DIRECTIONS: Please give back the listing below word for word, without the images.

DATASET EXCERPT START

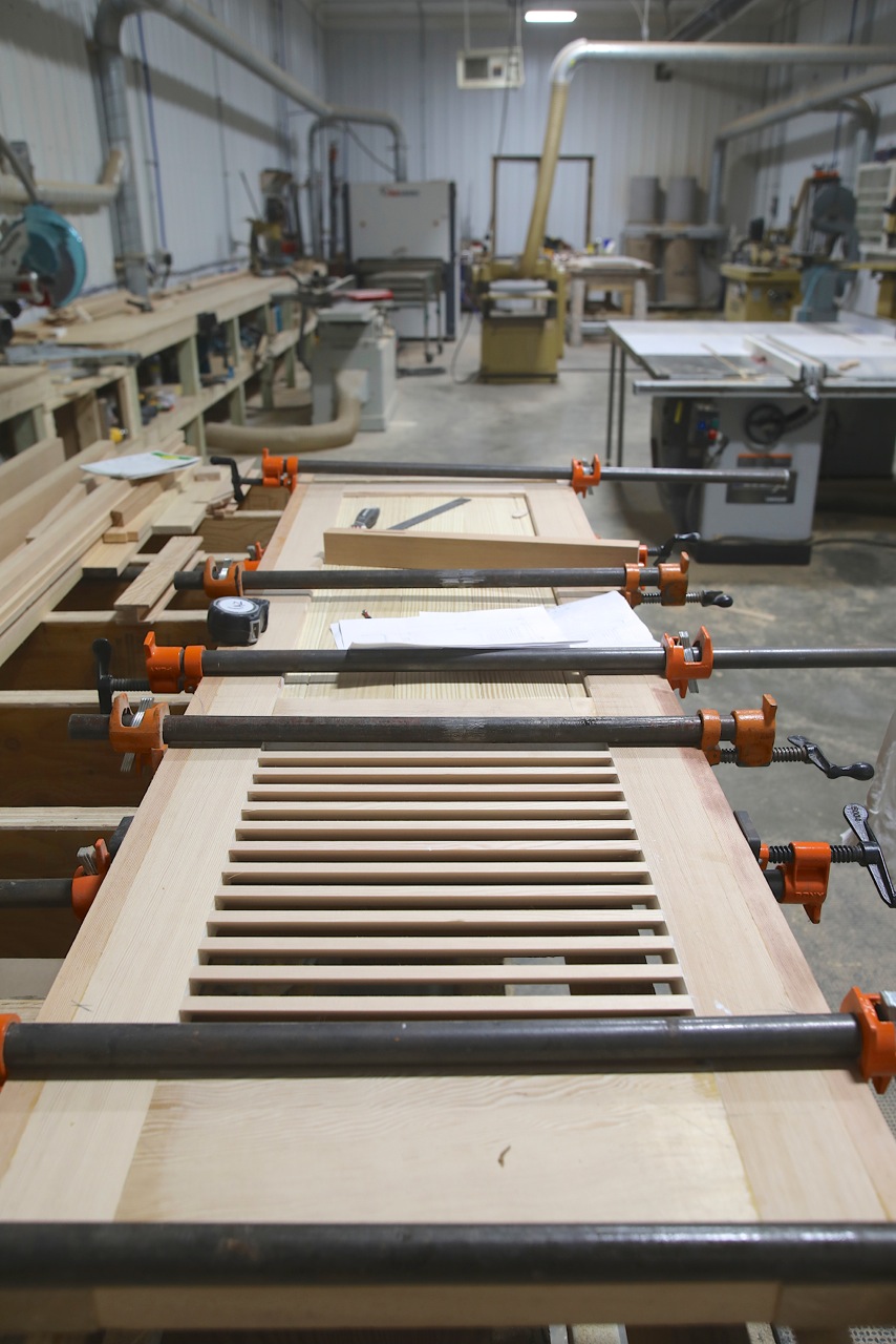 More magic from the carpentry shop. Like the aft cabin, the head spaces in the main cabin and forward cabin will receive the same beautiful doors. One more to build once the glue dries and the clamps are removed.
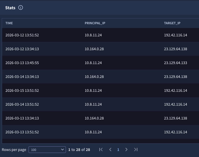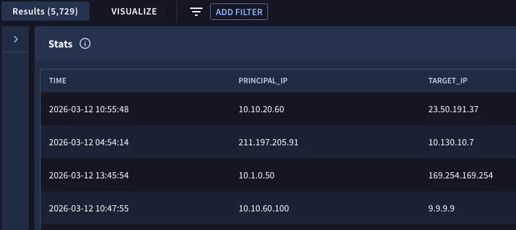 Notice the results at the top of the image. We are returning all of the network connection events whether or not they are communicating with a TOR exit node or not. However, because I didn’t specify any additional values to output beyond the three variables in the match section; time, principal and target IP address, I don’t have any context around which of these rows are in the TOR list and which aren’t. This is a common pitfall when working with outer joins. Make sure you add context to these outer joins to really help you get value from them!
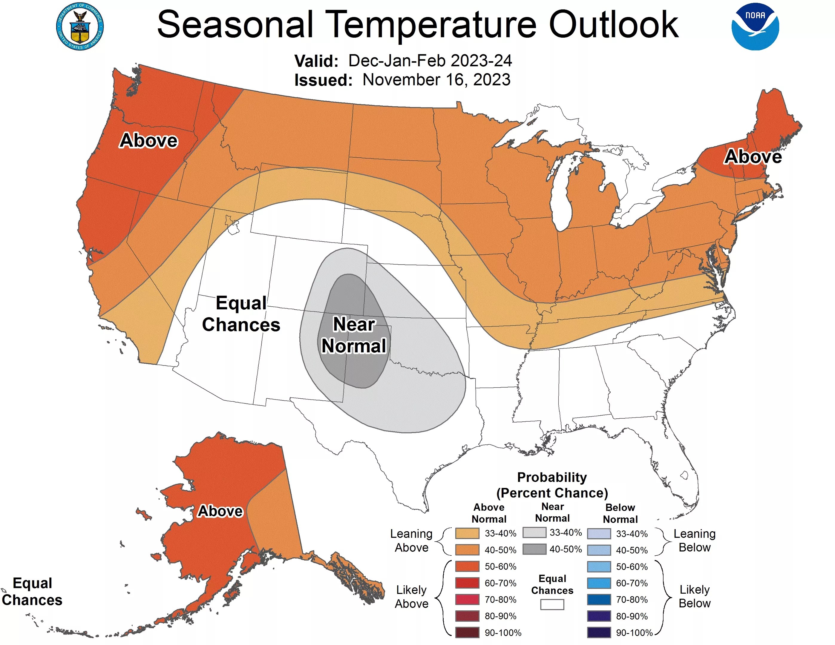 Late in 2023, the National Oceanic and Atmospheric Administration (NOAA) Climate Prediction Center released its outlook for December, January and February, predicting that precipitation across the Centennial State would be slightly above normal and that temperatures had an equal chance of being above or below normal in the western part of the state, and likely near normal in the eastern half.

DATASET EXCERPT END

EXERCISE RESPONSE:
 More magic from the carpentry shop. Like the aft cabin, the head spaces in the main cabin and forward cabin will receive the same beautiful doors. One more to build once the glue dries and the clamps are removed.
 Notice the results at the top of the image. We are returning all of the network connection events whether or not they are communicating with a TOR exit node or not. However, because I didn’t specify any additional values to output beyond the three variables in the match section; time, principal and target IP address, I don’t have any context around which of these rows are in the TOR list and which aren’t. This is a common pitfall when working with outer joins. Make sure you add context to these outer joins to really help you get value from them!
 Late in 2023, the National Oceanic and Atmospheric Administration (NOAA) Climate Prediction Center released its outlook for December, January and February, predicting that precipitation across the Centennial State would be slightly above normal and that temperatures had an equal chance of being above or below normal in the western part of the state, and likely near normal in the eastern half.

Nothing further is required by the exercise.